Affected Configurations

This vulnerability affects Claude Desktop installations where:

  • Two or more DXT extensions are installed
  • At least one extension ingests external/untrusted data (calendars, email, web, documents)
  • At least one extension can execute code or modify system state

Note: The same risk exists in manual MCP configurations with equivalent tool combinations.

Immediate Mitigation Steps

  1. Audit Extensions:
    • Review all installed DXT extensions
    • Document the capabilities each extension provides
    • Remove extensions that are not actively required
  2. Avoid Dangerous Combinations:
    • Do not install data ingestion extensions alongside code execution extensions
    • If both are required, implement additional controls (see below)
  3. Consider Alternatives:
    • Manual MCP configuration provides equivalent functionality with greater visibility
    • Increased setup complexity is offset by explicit capability awareness

Long-term Recommendations

  1. Organizational Governance:
    • Establish DXT extension policies similar to browser extension policies
    • Require security review before extension installation
    • Maintain an approved extensions list for development environments
  2. Technical Controls:
    • Implement endpoint monitoring for DXT activity
    • Consider network segmentation for systems running DXT
    • Restrict DXT usage to non-sensitive systems until architectural improvements are available
  3. Vendor Engagement:
    • Monitor Anthropic security advisories for platform updates
    • Advocate for sandboxing and permission controls in future DXT versions
    • Consider enterprise agreements that include security commitments

Framework Context

This vulnerability aligns with multiple security frameworks:

  • OWASP ASI04:2026 Agentic Supply Chain Vulnerabilities: DXT marketplace as a distribution vector for capabilities that combine into dangerous configurations
  • OWASP ASI02:2026 Tool Misuse and Exploitation: Autonomous tool chaining enabling unintended capability combinations
  • OWASP LLM01:2025 Prompt Injection: External content interpreted as instructions by the agent

Conclusion

The disclosure highlights a real risk in Claude Desktop Extensions, but it's important to understand this in context. The underlying vulnerability – autonomous tool chaining between data sources and executors – is a known risk class in agentic AI systems that exists regardless of whether tools are installed via DXT or manual MCP configuration.

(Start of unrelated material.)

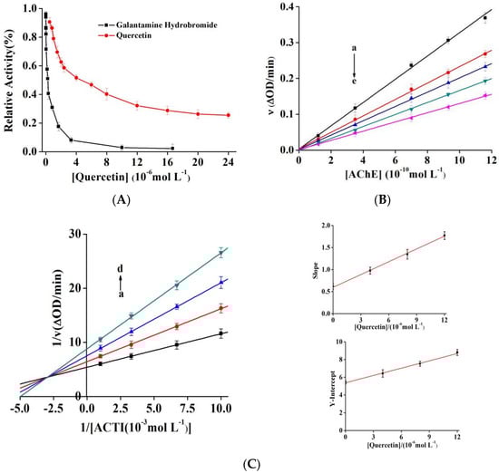 The inhibitory kinetics of quercetin on AChE were analyzed using the same method that was used to determine the enzyme activity. The concentration of the substrate ATCI (0.25 mM) was fixed, and when the concentration of quercetin was 0, 2.0, 3.2, 4.0, and 8.0 µM, the trend of the reaction rate with increasing AChE concentration was determined to evaluate the reversibility of inhibition. The AChE (0.57 nM) concentration was kept unchanged, and the quercetin reaction rate was measured at different concentrations (0, 4.0, 8.0, and 12.0 µM) with increasing ATCI concentration. The type of inhibition was determined using the Lineweaver-Burk plot in double reciprocal form.

DXT's contribution to the risk is primarily one of friction reduction: it makes it easier for users to inadvertently create dangerous tool combinations without explicit awareness of the implications. Organizations should treat this as an opportunity to establish governance around AI tooling extensions, rather than a reason to avoid Claude Desktop entirely.

The recommended approach is to audit extension usage, avoid dangerous combinations, and apply the same security rigor to AI tool extensions that organizations apply to browser extensions and other developer tooling.

Updates

We will update this analysis as Anthropic responds to the disclosure or releases architectural improvements to the DXT platform.